*How to complete this task*. Copy word for word the lines in the records below, starting at the line with "A project with" and ending at the line with "Blocks of white". Skip the pictures.

*Source data*.
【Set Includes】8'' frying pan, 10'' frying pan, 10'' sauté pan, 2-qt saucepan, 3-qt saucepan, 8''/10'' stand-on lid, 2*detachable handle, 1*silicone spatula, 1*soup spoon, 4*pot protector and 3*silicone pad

--

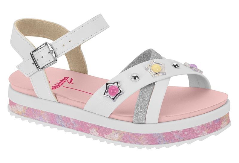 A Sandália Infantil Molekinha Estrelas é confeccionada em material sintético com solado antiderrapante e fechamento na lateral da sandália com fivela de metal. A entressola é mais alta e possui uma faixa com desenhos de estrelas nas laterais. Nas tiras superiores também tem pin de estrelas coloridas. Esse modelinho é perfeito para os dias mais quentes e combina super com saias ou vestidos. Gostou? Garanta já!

==

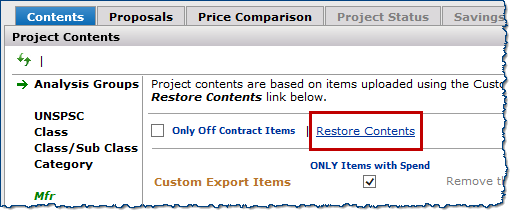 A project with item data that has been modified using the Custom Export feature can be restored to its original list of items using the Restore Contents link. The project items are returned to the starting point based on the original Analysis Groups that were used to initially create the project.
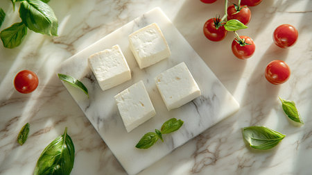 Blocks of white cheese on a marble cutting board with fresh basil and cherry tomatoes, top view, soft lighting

*Solution for this exercise*.
 A project with item data that has been modified using the Custom Export feature can be restored to its original list of items using the Restore Contents link. The project items are returned to the starting point based on the original Analysis Groups that were used to initially create the project.
 Blocks of white cheese on a marble cutting board with fresh basil and cherry tomatoes, top view, soft lighting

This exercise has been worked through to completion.